*Dataset section:*

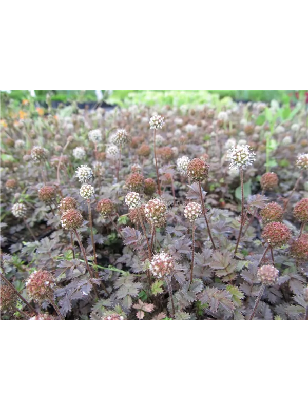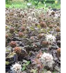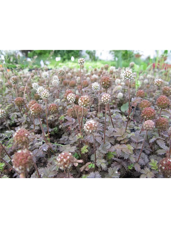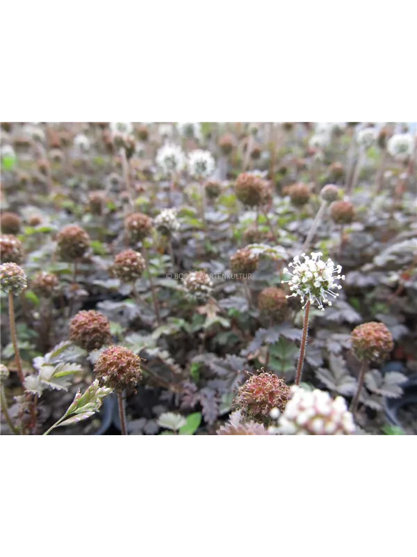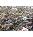 Acaena microphylla 'Kupferteppich' bildet ballförmige, weiße Blüten ab Juni.
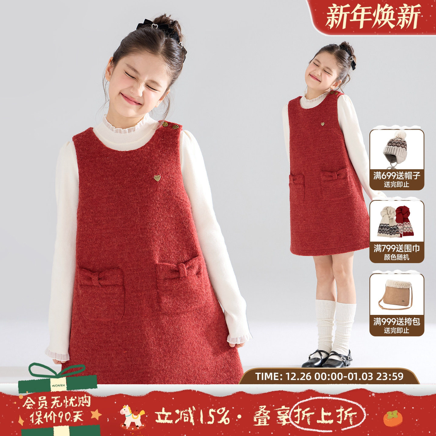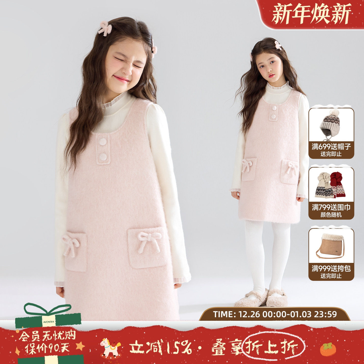 MUCMUKN【粉雪茸茸】蝴蝶结亮丝羊毛呢连衣裙新年圣诞女童25冬新
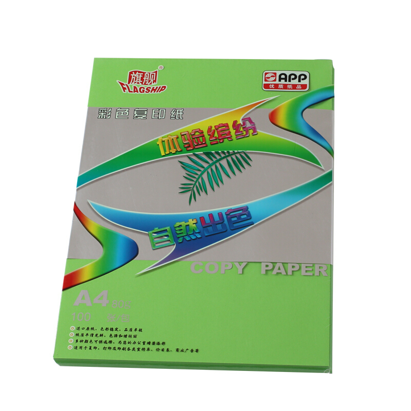 产品名称:旗舰A4/80G彩色复印纸翠绿色100张/包(包)
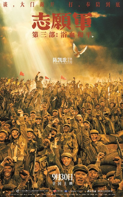 昨天,由陈凯歌执导的电影《志愿军:浴血和平》发布定档预告及海报,将于9月30日全国上映。

*Activity:*
Only the lines from the one containing "MUCMUKN【粉雪茸茸】蝴蝶结亮丝羊毛呢连衣裙新年圣诞女童25冬新" to the end of the listing belong in the answer, exactly as they stand and with no pictures.

*Finished task:*
 MUCMUKN【粉雪茸茸】蝴蝶结亮丝羊毛呢连衣裙新年圣诞女童25冬新
 产品名称:旗舰A4/80G彩色复印纸翠绿色100张/包(包)
 昨天,由陈凯歌执导的电影《志愿军:浴血和平》发布定档预告及海报,将于9月30日全国上映。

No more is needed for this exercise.